> [REQUIRED WORK]:
Transcribe exactly the lines from the one holding "Bước 8:Chọn Nộp" through the closing line of the entries below. Pictures stay out of the copy.

[Stored items]
____________

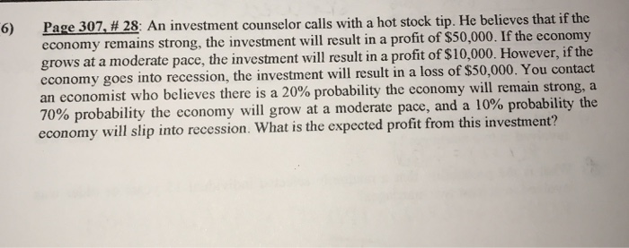 He believes that if the economy remains strong the investment will result in a profit of 50000. Solution for An investment counselor calls with a hot stock tip. 1 on a question An investment counselor calls with a hot stock tip.
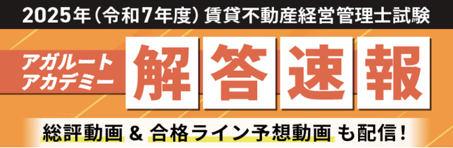 株式会社アガルート(本社:東京都新宿区、代表取締役:岩崎 北斗)が運営する「アガルートアカデミー」は、賃貸不動産経営管理士試験当日の11月16日(日)に 「解答速報」、「総評動画YouTubeLIVE配信」「合格ライン予想動画YouTubeLIVE配信」を無料で実施いたしました。また、「令和7年度 賃貸不動産経営管理士試験 解説講義」のプレゼントが決定いたしました。
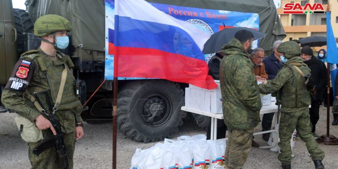 El representante del Centro de Coordinación Ruso, Alexander Sasha, dijo al reportero de SANA que la Federación Rusa continúa brindando ayuda en varias regiones de Siria, afirmando que se han distribuido cerca de 500 paquetes para las familias de los mártires y las familias necesitadas en la aldea.
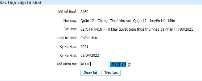 Bước 8:Chọn Nộp tờ khai, nhập mã kiểm tra để xác thực nộp tờ khai và chọn Tiếp tục.
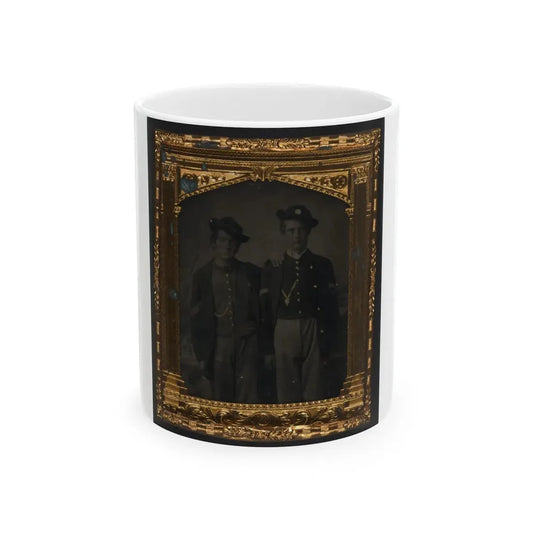 Two Unidentified Soldiers In Union Uniforms And Slouch Hats In Front Of Painted Backdrop (U.S. Civil War) White Coffee Mug

____________

> [RESULT]:
 Bước 8:Chọn Nộp tờ khai, nhập mã kiểm tra để xác thực nộp tờ khai và chọn Tiếp tục.
 Two Unidentified Soldiers In Union Uniforms And Slouch Hats In Front Of Painted Backdrop (U.S. Civil War) White Coffee Mug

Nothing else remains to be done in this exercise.